The five main subfamilies of chemokines are CXC, CC, CX3C, XC, and CX21. Several earlier studies have discovered chemokines to be associated with the development of SKCM. For instance, it was discovered that there was a positive link between immune cell infiltration and CXC subfamily expression in SKCM22. Few studies have, however, looked at the possible benefits of chemokine therapy guidance in SKCM. Consequently, analysis of the antitumor immunological response and prognostic function of chemokines in SKCM is required. Further, developing a prognostic model to anticipate treatment proficiency in SKCM is also significant and could give advantages to coordinating clinical applications.
In this study, we attempt to identify distinct chemokine-related clusters in the integrated SKCM dataset from TCGA as well as the GEO database. Subsequently, the differences between the two aforementioned subsets were analyzed, including the molecular characteristics, prognosis, and intensity of immune cell infiltration. Furthermore, prognostic DEGs between the aforementioned clusters were obtained, and based on these DEGs, a chemokine-related risk score model was constructed. After that, the model's ability to forecast clinical outcome and immunotherapeutic effect was examined, both in the training and test cohorts. Based on all these efforts, we hope that this study will benefit the further development of more effective treatments for SKCM patients.
Materials and methods
Data collection and processing
470 TCGA-SKCM samples and profiles of gene expression statistics, clinical data, and mutation details were obtained using UCSC-XENA (https://xenabrowser.net/datapages/). Similar to this, the GSE54467 (GPL6884, n = 79) dataset's 79 SKCM samples, clinical information, and gene expression statistics were retrieved from the GEO database (https://www.ncbi.nlm.nih.gov/geo/query/acc.cgi?acc=GSE54467). The gene set for this investigation was obtained from the TISIDB database, which has a total of 41 chemokines (http://cis.hku.hk/TISIDB/)23. The profiles was processed through R software24 (version 4.1.1).
Genetic alteration analysis
In the TCGA-SKCM cohort, GSCA (Gene Set Cancer Analysis)25 was carried out to analyze the genetic variation of a total of 41 chemokines, comprising methylation, copy number variation (CNV), and single-nucleotide variation (SNV).
Consensus clustering for chemokine-related subtypes in SKCM samples
Firstly, gene expression statistics of 470 tumor samples from the TCGA-SKCM dataset and 79 tumor samples from the GSE54467 dataset were combined to create an integrated SKCM cohort. Then, the batch effects of the aforementioned cohorts were eliminated for further analysis using the R packages “limma”26 and “sva”27 R packages. Based on the chemokine expression profile, we identified two clusters that are related to chemokines using the “ConsensusClusterPlus” R package28. To make sure that the classification was stable, there were 1000 repetitions of the algorithm. To investigate how the two chemokine-related clusters function in clinical settings, we then compared the differences between the two subtypes, including gender, age, tumor grade and stage, prognosis, and so on.

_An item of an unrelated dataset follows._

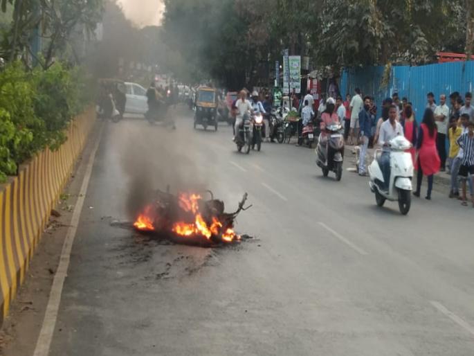 पिंपरी चिंचवड : चिंचवड गावातून आकुर्डी कडे जाणाऱ्या रस्त्यावर सायंकाळी पावणेसहा वाजता एका दुचाकीने अचानक पेट घेतल्याने सर्वांचीच धावपळ झाली. दैव बल्लतर असल्याने प्रसंगावधान पाहून चालकाने गाडी सोडुन पळ काढल्याने तो थोडक्यात बचावला.आगीच्या झळात संपूर्ण गाडी खाक झाली.हा थरार पाहण्यासाठी घटनास्थळावर मोठी गर्दी झाली होती. सायंकाळची वेळ असल्याने रस्त्यावर मोठ्या प्रमाणात वाहतूक सुरू होती. रमेश पाचपुते हे दुचाकी घेऊन आकुर्डी कडे जात होते.इंदिरा नगर चौकात येताच त्यांच्या सी डी डीलक्स (एमएच १४ डीजी ६२०१) या दुचाकीने अचानक पेट घेतला.
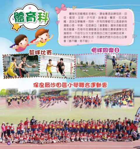體育科 體育科活動精彩多樣化,課後專項訓練包括:田 徑、籃球、足球、乒乓球、跆拳道、欖球、花式跳 繩、游泳及單輪車。同時,所有同學都可以透過參與 運動小息、早操、拉筋操及「童喜動」趣味活動班提 高活動量。而每年的運動會及各運動比賽都讓學生充 滿期待,不但可以令大家表現自己努力訓練的成果, 讓他們更加投入學校生活,亦讓他們提升自信心及學 會「勝不驕,敗不餒」。 籃球比賽 欖球同樂日 保良局沙田區小學聯合運動會 30

Identification of differentially expressed genes related to chemokines subtypes
Using the R package “limma”26, differentially expressed genes (DEGs) between two cancer-related clusters were discovered. The statistical significance was established at |log2FC|≥ 1 and P value < 0.05. Then, the “ggplot2”29 and “pheatmap” R packages (https://cran.r-project.org/web/packages/pheatmap/index.html) were used to visualize the results.
Functional and pathway enrichment analysis
To investigate the connection of DEGs to Hallmark pathways, KEGG pathways and Reactome pathways, “GSVA” R package30 was used. The MSigDB database provided correlated gene sets (http://software.broadinstitute.org/gsea/msigdb/index.jsp).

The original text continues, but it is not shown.